What the hell. Might as well give it a shot. It couldn’t hurt. Right?

Chapter Thirteen

If someone had told Farrah last week that she’d willingly go on a road trip to upstate New York with Blake, just the two of them, she would’ve laughed in their face.

Yet here she was, ensconced in a rented Range Rover with her ex-boyfriend while they drove around Syracuse, looking for a place to eat lunch.

In her defense, she’d been desperate.

Farrah had gone into a tailspin when she received Blake’s text telling her the apartment had to be finished by late June because Mode de Vie was shooting a lifestyle feature on him there.
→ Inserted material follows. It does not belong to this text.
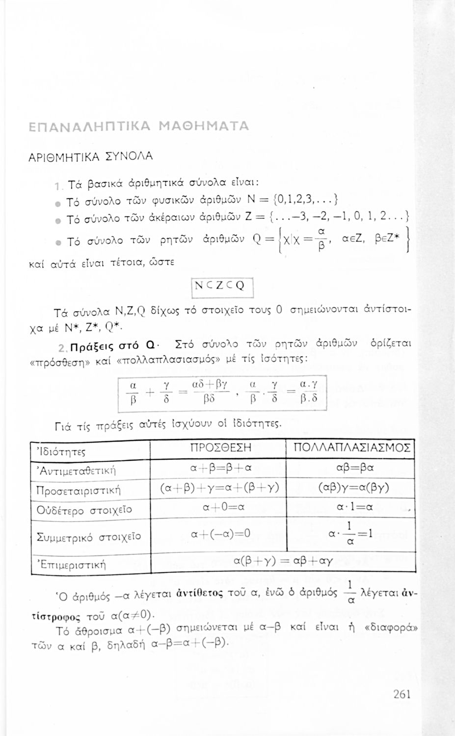 Σχολικό εγχειρίδιο Αριθμητικής για τις Α΄, Β΄, Γ΄ Γυμνασίου που είναι χωρισμένο σε ορισμούς και ασκήσεις και εστιάζει στις ιδιότητες των αριθμητικών πράξεων, τα κλάσματα και την τετραγωνική ρίζα.
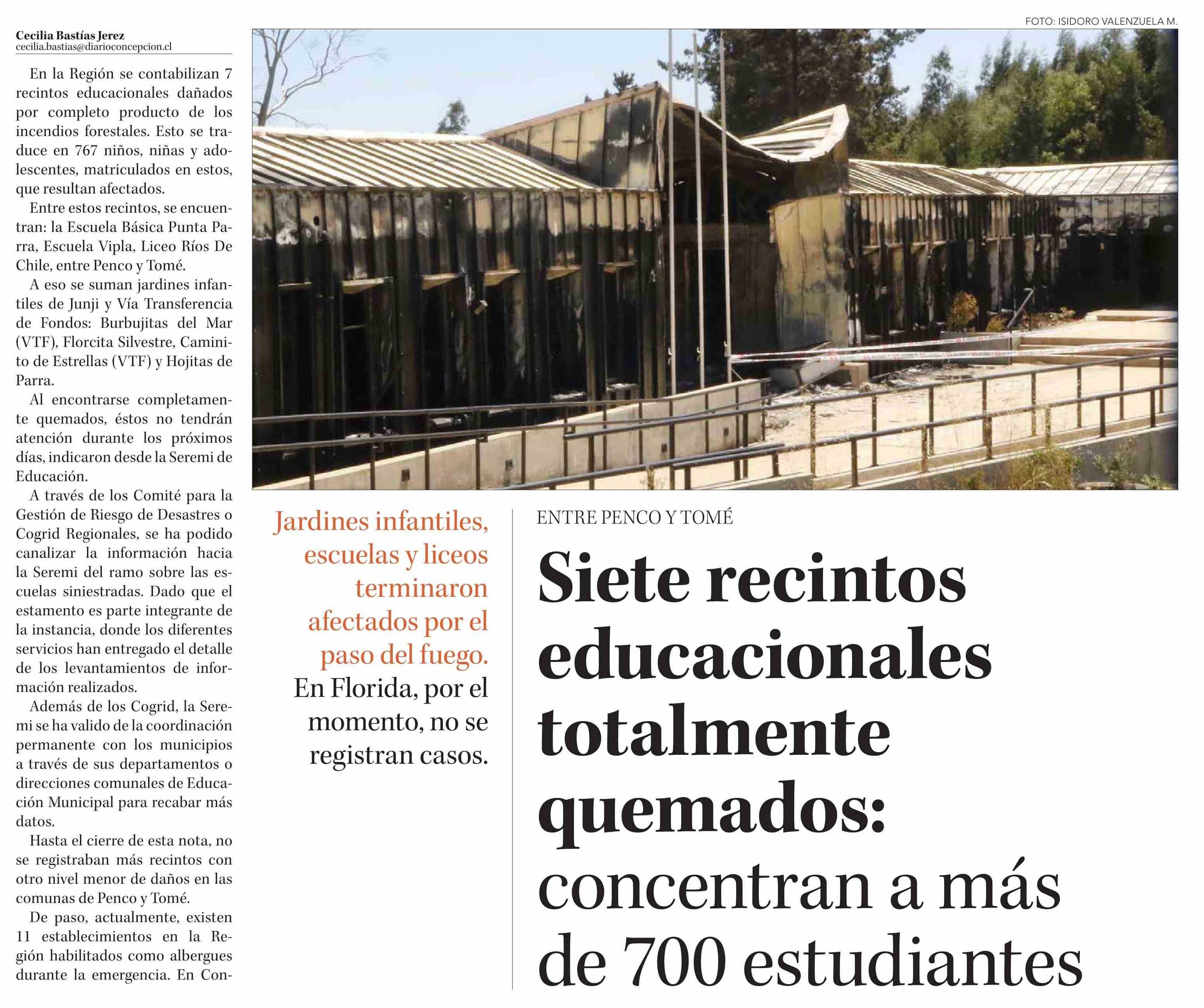 Siete recintos educacionales totalmente quemados: concentran a más de 700 estudiantes

It’d almost been enough to make her forget their inappropriate encounter at the lounge two-and-a-half weeks ago.

Mode de Vie. The most influential lifestyle magazine in the country. They always asked for the interior designer’s name when they shot at a subject’s home, which meant Farrah’s name would appear in its hallowed pages in a few months. That was the equivalent of an author getting their book featured in Oprah’s Book Club. One mention in the esteemed magazine could vault her from being an unknown to the brightest star in the sky…if her design was good. If not, Farrah could forget about her future in the industry.

Blake didn’t want any major remodeling done, thank God, which shaved weeks, if not months, off the process. But seven weeks was still a tight turnaround for redesigning an apartment his size.

Farrah had been a whirlwind of activity since she found out about the new deadline: calling contractors and pushing them for quotes and start dates, sourcing materials, and searching through every website and every store in the five boroughs for the perfect pieces that would transform Blake’s apartment into his dream home.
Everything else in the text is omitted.